**TASK DETAILS**
Leave the pictures out, and transcribe the material below exactly from the line with "The Rachel Allan" to the line with "Zum 50-jährigen Jubiläum", both lines included.

**SOURCE DATA**
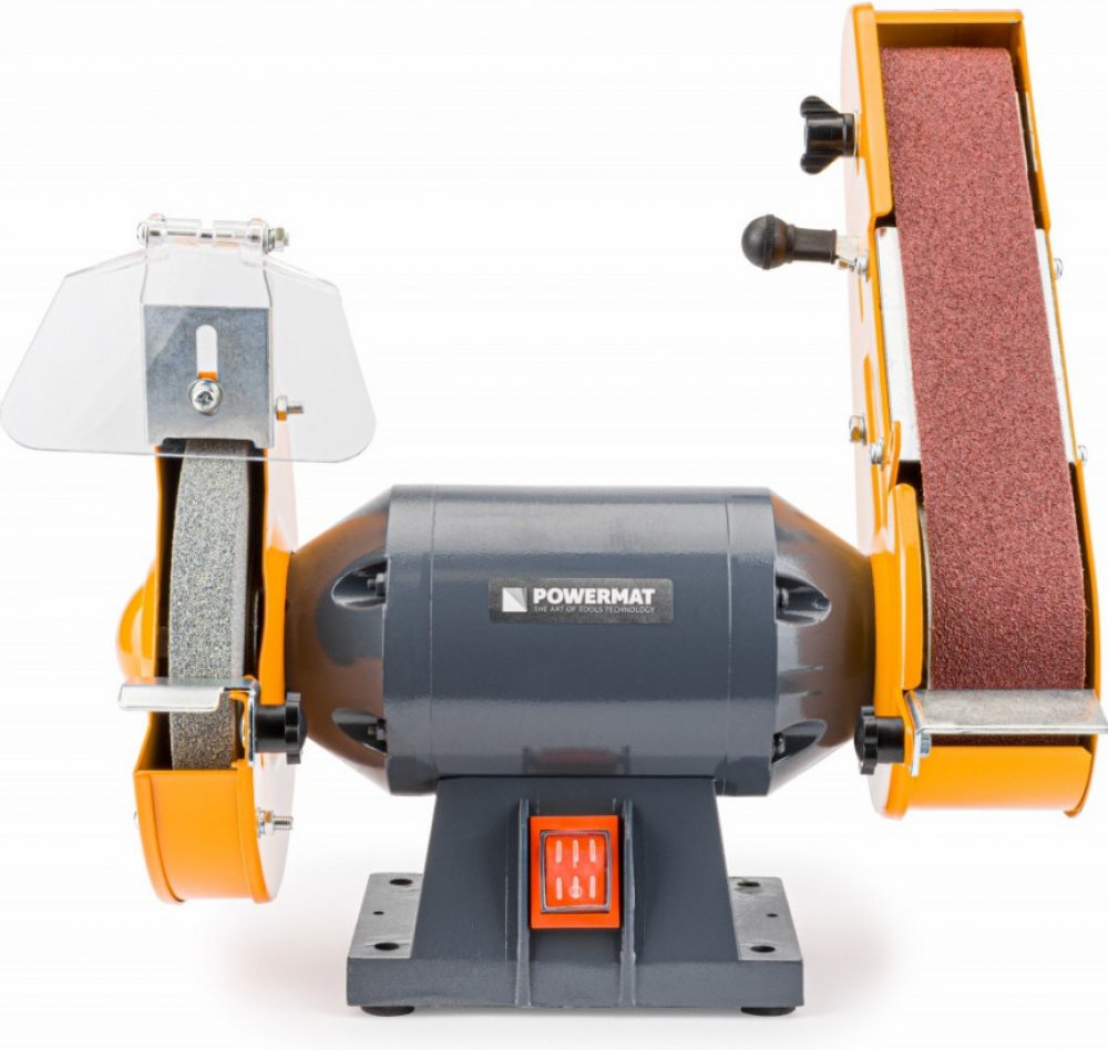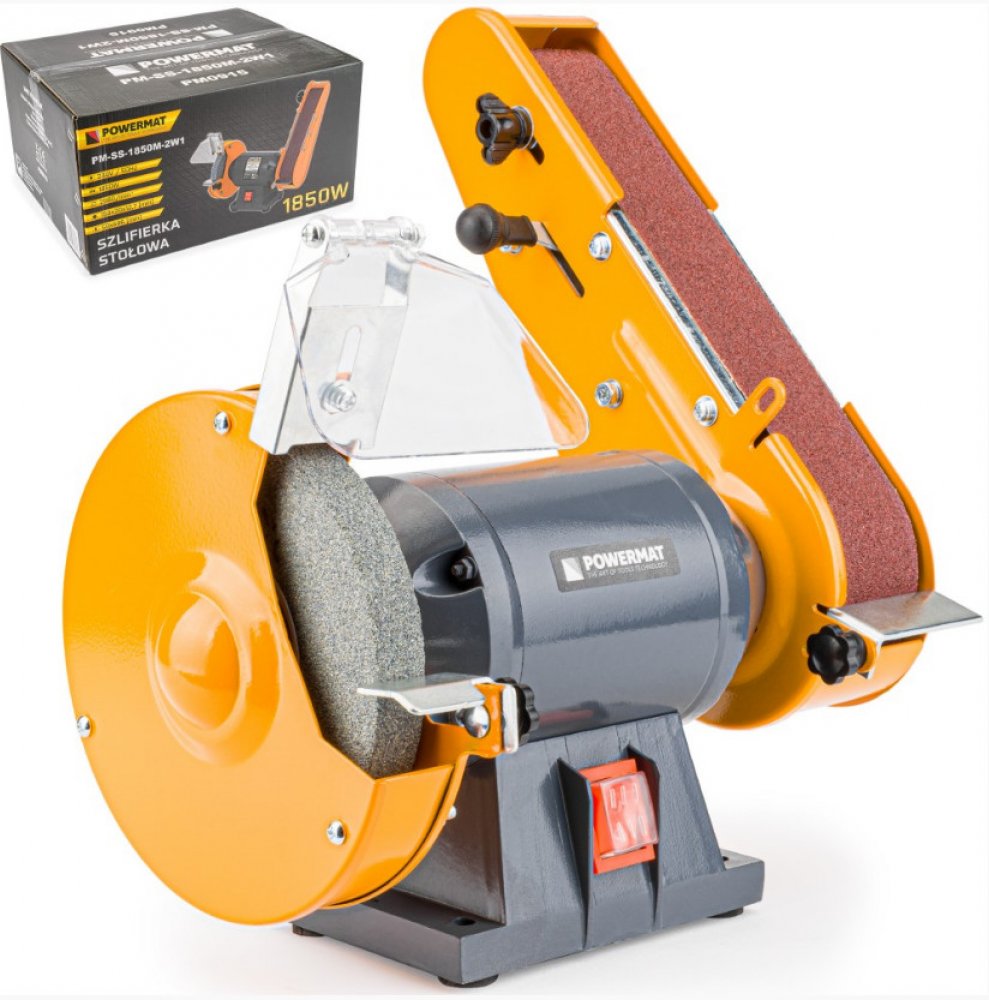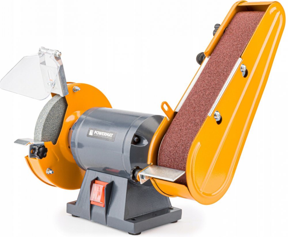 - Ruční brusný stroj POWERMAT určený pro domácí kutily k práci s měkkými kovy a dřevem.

==

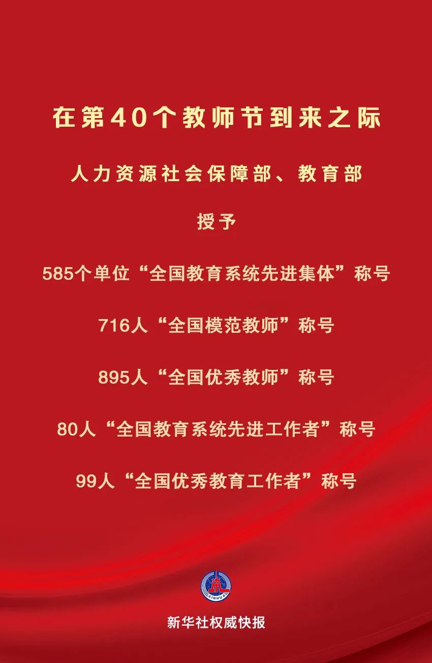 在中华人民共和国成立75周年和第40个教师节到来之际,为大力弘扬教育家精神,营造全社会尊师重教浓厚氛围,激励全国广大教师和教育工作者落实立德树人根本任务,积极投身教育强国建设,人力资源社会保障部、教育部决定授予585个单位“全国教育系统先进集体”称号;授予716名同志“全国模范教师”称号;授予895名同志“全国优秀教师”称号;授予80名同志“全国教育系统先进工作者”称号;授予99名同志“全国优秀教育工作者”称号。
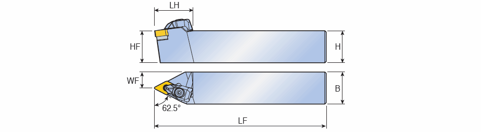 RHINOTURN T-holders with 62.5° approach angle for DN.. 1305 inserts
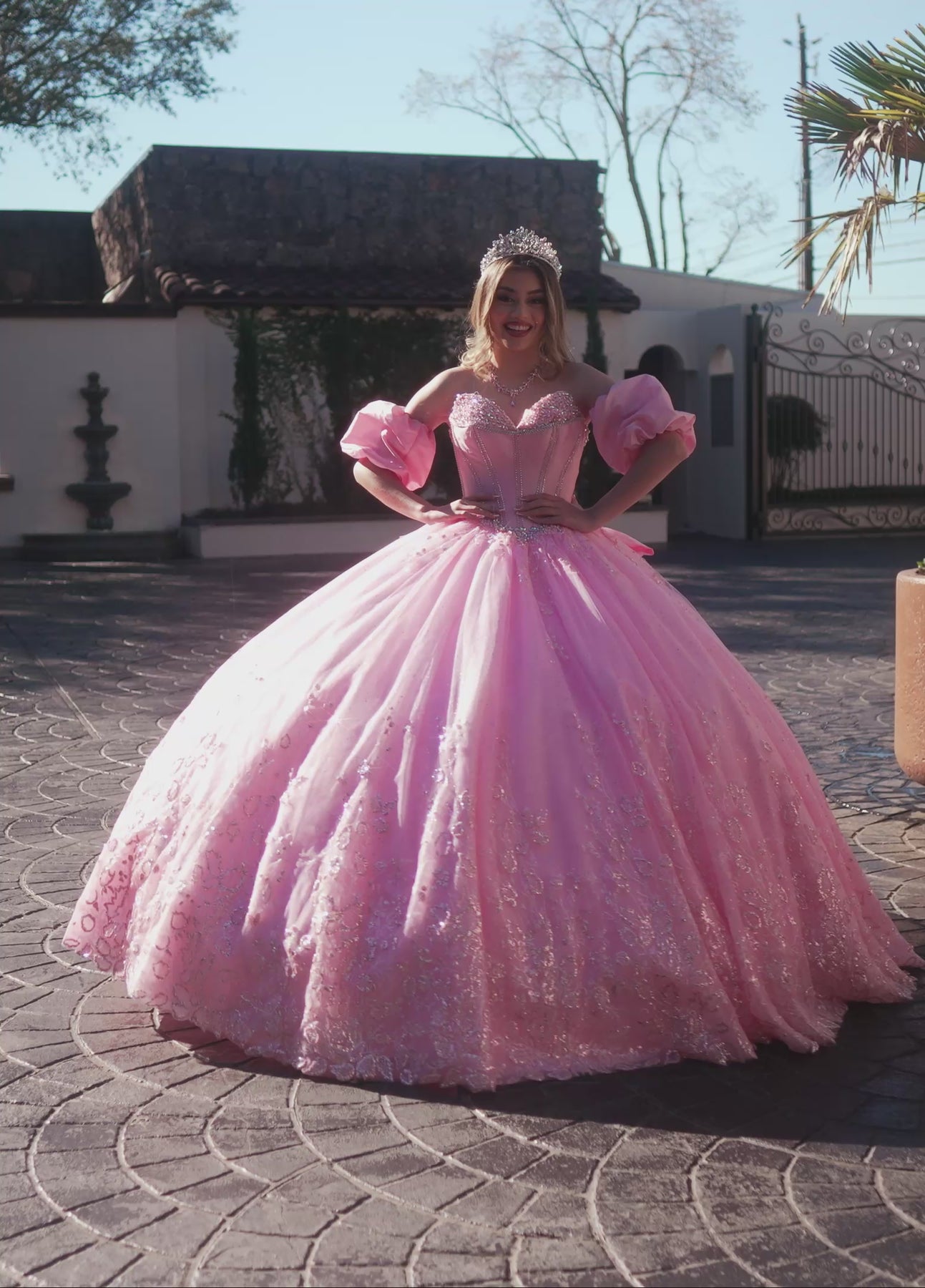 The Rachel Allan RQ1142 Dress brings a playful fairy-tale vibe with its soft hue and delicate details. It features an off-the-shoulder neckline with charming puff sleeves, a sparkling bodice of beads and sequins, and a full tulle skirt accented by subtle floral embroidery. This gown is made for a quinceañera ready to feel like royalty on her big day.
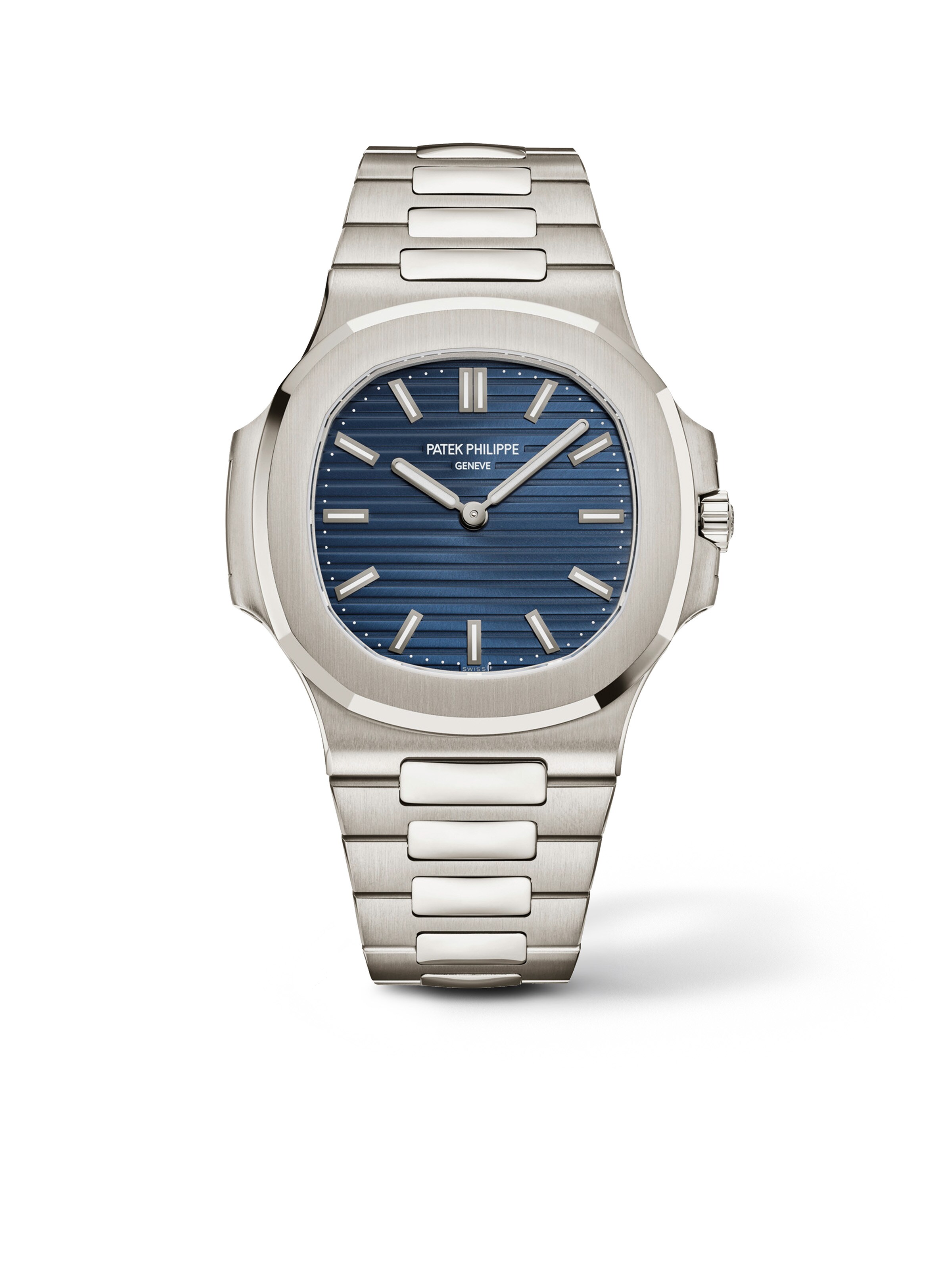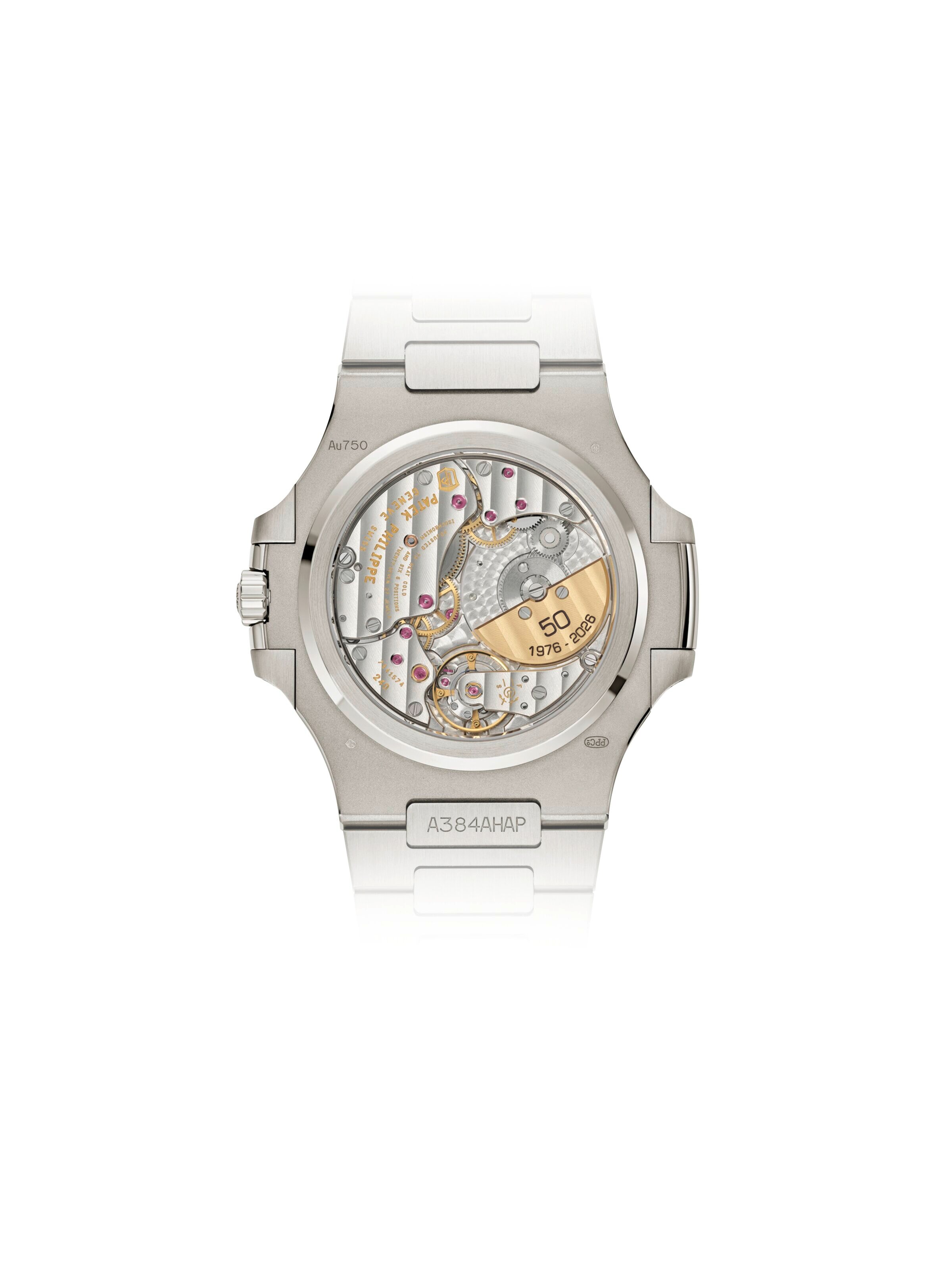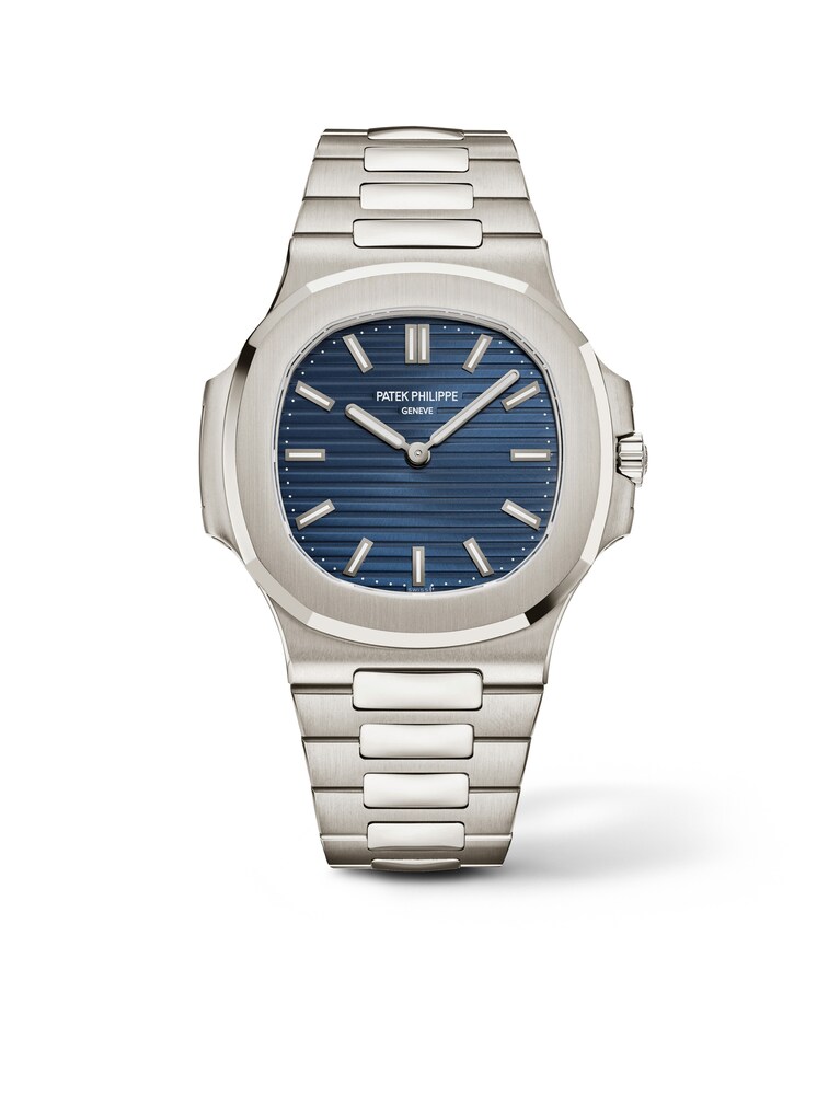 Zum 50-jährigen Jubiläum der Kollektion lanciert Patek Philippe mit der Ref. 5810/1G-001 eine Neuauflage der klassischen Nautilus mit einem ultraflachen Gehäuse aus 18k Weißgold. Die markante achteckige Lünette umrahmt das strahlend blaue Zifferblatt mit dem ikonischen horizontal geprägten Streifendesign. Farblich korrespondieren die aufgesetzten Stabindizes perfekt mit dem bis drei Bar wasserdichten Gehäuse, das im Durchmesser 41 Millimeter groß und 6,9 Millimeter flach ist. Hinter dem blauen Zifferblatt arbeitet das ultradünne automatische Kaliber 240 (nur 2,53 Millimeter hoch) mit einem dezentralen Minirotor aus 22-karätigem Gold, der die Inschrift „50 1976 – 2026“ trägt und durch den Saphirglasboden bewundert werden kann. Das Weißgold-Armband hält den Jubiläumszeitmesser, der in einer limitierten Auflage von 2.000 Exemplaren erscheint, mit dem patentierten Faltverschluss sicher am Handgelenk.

**EXERCISE ANSWER**
 The Rachel Allan RQ1142 Dress brings a playful fairy-tale vibe with its soft hue and delicate details. It features an off-the-shoulder neckline with charming puff sleeves, a sparkling bodice of beads and sequins, and a full tulle skirt accented by subtle floral embroidery. This gown is made for a quinceañera ready to feel like royalty on her big day.
 Zum 50-jährigen Jubiläum der Kollektion lanciert Patek Philippe mit der Ref. 5810/1G-001 eine Neuauflage der klassischen Nautilus mit einem ultraflachen Gehäuse aus 18k Weißgold. Die markante achteckige Lünette umrahmt das strahlend blaue Zifferblatt mit dem ikonischen horizontal geprägten Streifendesign. Farblich korrespondieren die aufgesetzten Stabindizes perfekt mit dem bis drei Bar wasserdichten Gehäuse, das im Durchmesser 41 Millimeter groß und 6,9 Millimeter flach ist. Hinter dem blauen Zifferblatt arbeitet das ultradünne automatische Kaliber 240 (nur 2,53 Millimeter hoch) mit einem dezentralen Minirotor aus 22-karätigem Gold, der die Inschrift „50 1976 – 2026“ trägt und durch den Saphirglasboden bewundert werden kann. Das Weißgold-Armband hält den Jubiläumszeitmesser, der in einer limitierten Auflage von 2.000 Exemplaren erscheint, mit dem patentierten Faltverschluss sicher am Handgelenk.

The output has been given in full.